Special thrust to scaling is usually compensated by the fact that at a certain stage you have problems with input / output in the database. Managing the number of processes, CPU and RAM load complicates scaling for those who develop Rails applications.
Here, Nate talks about using Memcached and Redis with RabbitMQ and Kafka. Basically, he applied similar solutions on the Heroku platform, which is generally suitable for solving a similar problem with scaling up to 1000 requests per minute.
He emphasizes that simply adding Dyno-containers on Heroku will not give the desired effect - the application will not be faster. These containers can only increase reliability. If we talk about AWS, the transition from one instance type to another (from T2 to M4) may already have an impact on application performance.
Some insights from Nate's
examples :
- Scaling can affect latency if you have a queue
- To solve the problem you need to understand the principles of the application server
- Heroku documentation does not explain all the nuances of routing HTTP requests
- A Ruby web application needs protection from a slow client and response
- You can not scale only on the basis of response time - here waiting time in a queue can play a role. The same applies to workers' hosts.
- The web application can work not with one, but with dozens of queues, which are formed in the load balancer, Heroku routers, multiprocess server and in the “main process”
- The Little's Law allows you to determine the number of required instances of an application as the product of the average number of requests per second by the average response time (in seconds). If you start scaling at 25% performance, it will be something in the spirit of a false start. Performance here is the ratio of the number of application instances to the average response time.
Query routing
Briefly about how this process works:
1. First of all, the request meets the load balancer - it distributes requests between the Heroku routers.
2. The router sends a processing request to a random Dyno container that is related to your application.
3. While the router is determined by which container to choose, the request is in its waiting queue. This process is similar to running nginx and sending health check requests.

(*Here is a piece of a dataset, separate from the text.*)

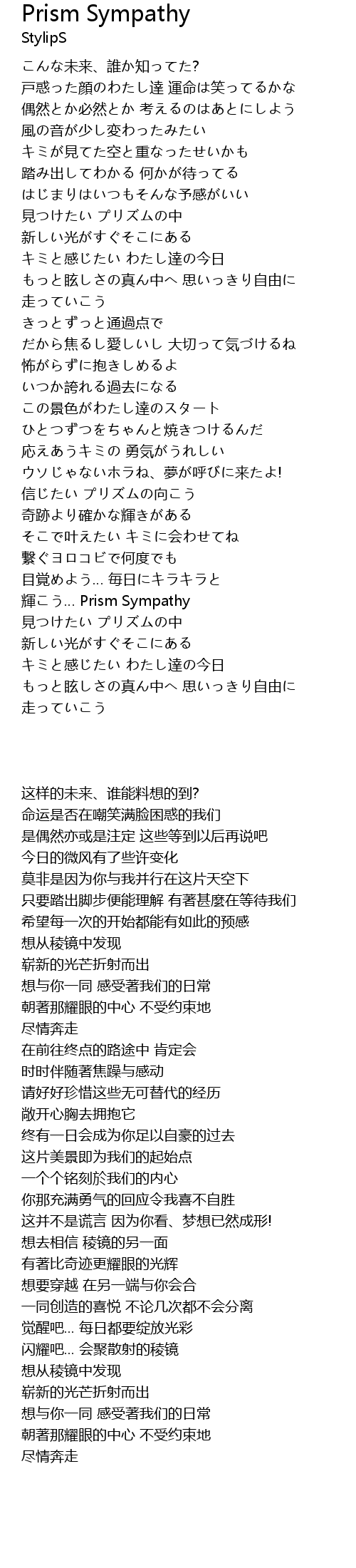 | [03:03.67] | 輝こう… Prism Sympathy |

Next, the server of your choice works with the request:
1. For Webrick - opens a connection with the router to download the request, then launches the response to the router and proceeds to the next request. This process completely loads the host and allows it to work with requests from other routers.
2. Thin works a little differently. It is event driven. It uses EventMachine, which is similar to the work of Node.js. Thin accepts the request in parts, but only after the request is fully downloaded, it sends it to the application. It is well suited for handling slow requests, but is not multi-tasking.
3. Unicorn is a single-threaded, but already multi-tasking web server. It is built on workers and listening to a single Unix socket. Here the situation is similar - the request must be fully loaded, so Unicorn is not very suitable for slow clients, like Webrick. While loading other connections can not be established. This problem is solved by query buffering, which Passenger handles.
4. Phusion Passenger 5 - it allows you to install something like nginx right before workers. It incorporates a reverse proxy server that protects workflows from slow clients and downloads. As the request loads, it is passed to HelperAgent, which distributes requests between workers. It is quite suitable for scaling. The alternative is Puma in cluster mode or Unicorn in conjunction with nginx.